2.本ベクターを個体ラットに導入することで、低酸素感知トランスジェニックラットを開発した。ラットにコバルトを投与することで化学的に転写因子HIF (hypoxia-inducible factor)を安定化したところ、脳、心臓、筋肉、肝臓、腎臓、肺の6臓器においてトランスジーンの発現が条件的に上昇することが確認された。

3.腎臓内での本ベクターの挙動を、1)コバルト投与による化学的な低酸素刺激、2)虚血再潅流障害モデル、の2法にて確認した。全身コバルト投与にて尿細管の全分画にトランスジーンの発現が亢進し、また、虚血再潅流障害後2時間の組織染色にて、拡張し障害を受けた近位尿細管に強い低酸素シグナルを発することが確認された。この低酸素シグナルは再潅流後4時間まで持続して認められた。

4.上記の低酸素感知トランスジェニックラットを利用して、慢性腎障害モデルにおける尿細管低酸素の検出を試みた。
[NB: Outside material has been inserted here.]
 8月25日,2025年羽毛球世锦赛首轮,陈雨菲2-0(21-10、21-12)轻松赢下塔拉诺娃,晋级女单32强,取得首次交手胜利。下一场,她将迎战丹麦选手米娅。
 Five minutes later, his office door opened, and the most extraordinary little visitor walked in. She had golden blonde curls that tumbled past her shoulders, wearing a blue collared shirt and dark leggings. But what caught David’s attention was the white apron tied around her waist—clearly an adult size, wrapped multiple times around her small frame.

モデルとして、大量のタンパク尿に特徴付けられるpuromycin腎症モデル(第1, 2週)と、糸球体高血圧に特徴付けられる5/6腎摘モデル(第1, 4週)を採用した。免疫組織染色上、前者モデルでは尿細管全体にわたるdiffuseな低酸素シグナルが、後者では拡張し、障害を受けた近位尿細管に強い低酸素シグナルがそれぞれ確認された。低酸素マーカーとしてのトランスジーン発現をreal-time PCRにて定量化したところ、前者モデルの第2週において2.2倍、後者第4週において2.6倍の発現上昇を認めた。また、これらモデルの低酸素はレクチン潅流試験の結果、皮質傍尿細管毛細血管の狭小化、脱落を伴うものであることが判明した。
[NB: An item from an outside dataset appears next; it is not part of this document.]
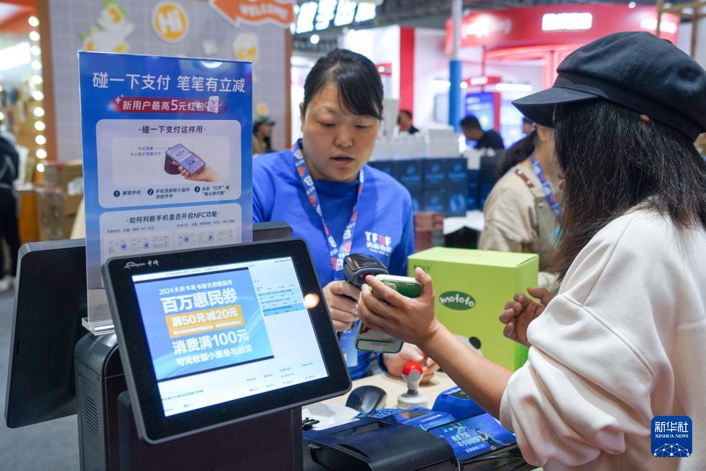 10月11日,讀者在2024天府書展現(xiàn)場(chǎng)使用購(gòu)書惠民券結(jié)賬。

5.慢性腎障害モデルの個々のラットに対して、低酸素のレベルと尿細管間質障害、BUNレベルとの相関関係を調べたところ、5/6腎摘モデルにおいて強い相関関係を認めることが判明した。組織の免疫二重染色、または連続切片による解析を行ったところ、本モデルではその初期のPCNA陽性増殖尿細管細胞が大部分低酸素に陥っていること、また、進行期においてTUNEL陽性アポトーシス細胞が低酸素尿細管に多く認められることが確認された。さらに、ED-1陽性マクロファージが低酸素尿細管領域に多く浸潤していることも明らかとなり。本病態モデルにおける低酸素の果たす役割がより一層明らかとなった。
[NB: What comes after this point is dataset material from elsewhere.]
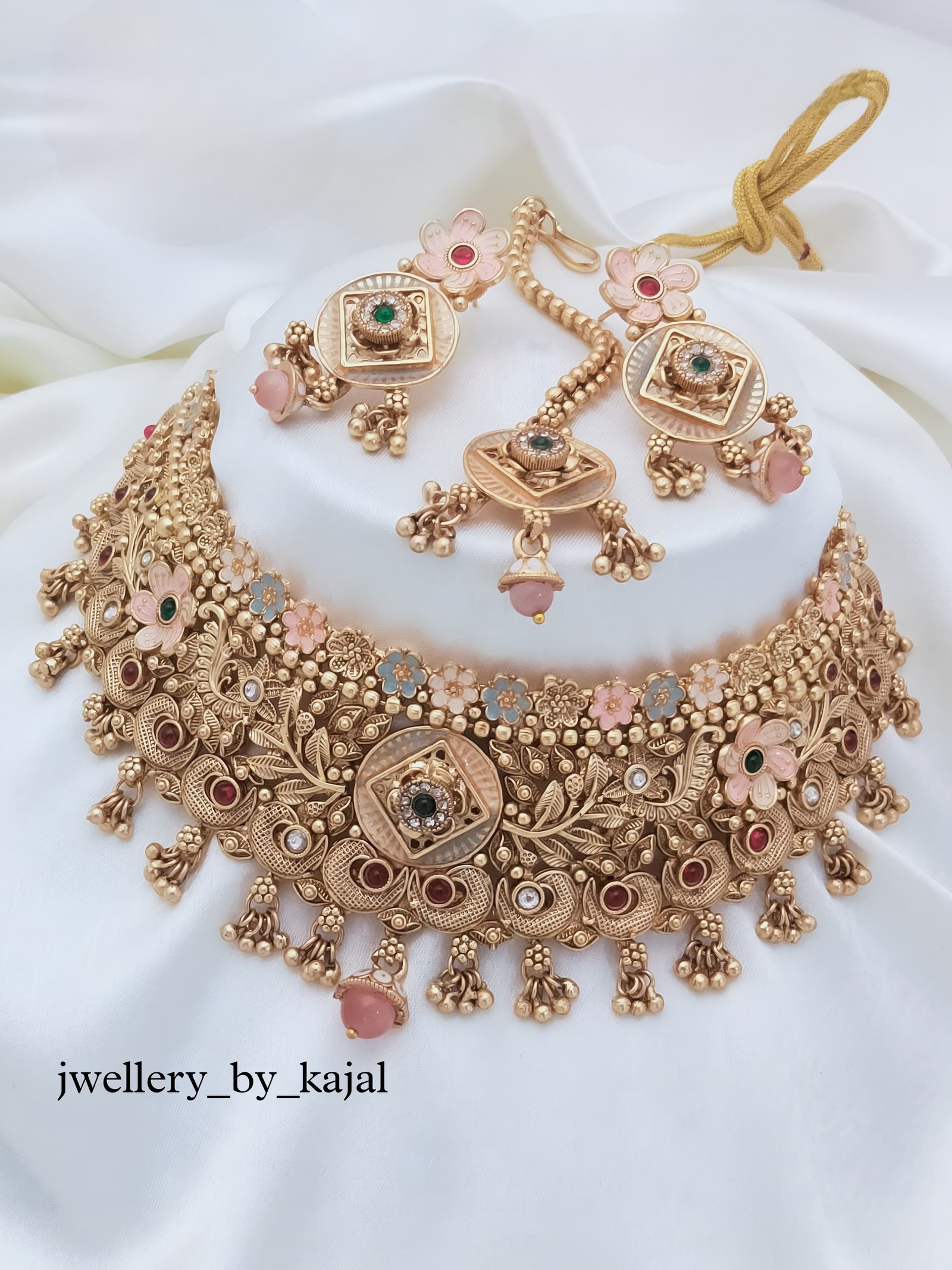 Festive Glamour Gold Finish Choker & Earring Set – Diwali Collection jwellery by kajal

　以上、本論文は組織低酸素を感知する新規トランスジェニックラットを開発し、慢性腎障害モデルにおいて尿細管間質の低酸素を実証することに成功した。尿細管低酸素は慢性進行性腎障害の進展において重要な役割を果たす可能性が提唱されており、本研究は、今後低酸素が腎疾患進行をもたらすメカニズムの更なる解明、および低酸素を標的とした新規治療戦略を開発する上で重要な役割を果たす研究と考えられ、学位の授与に値するものと考えられる。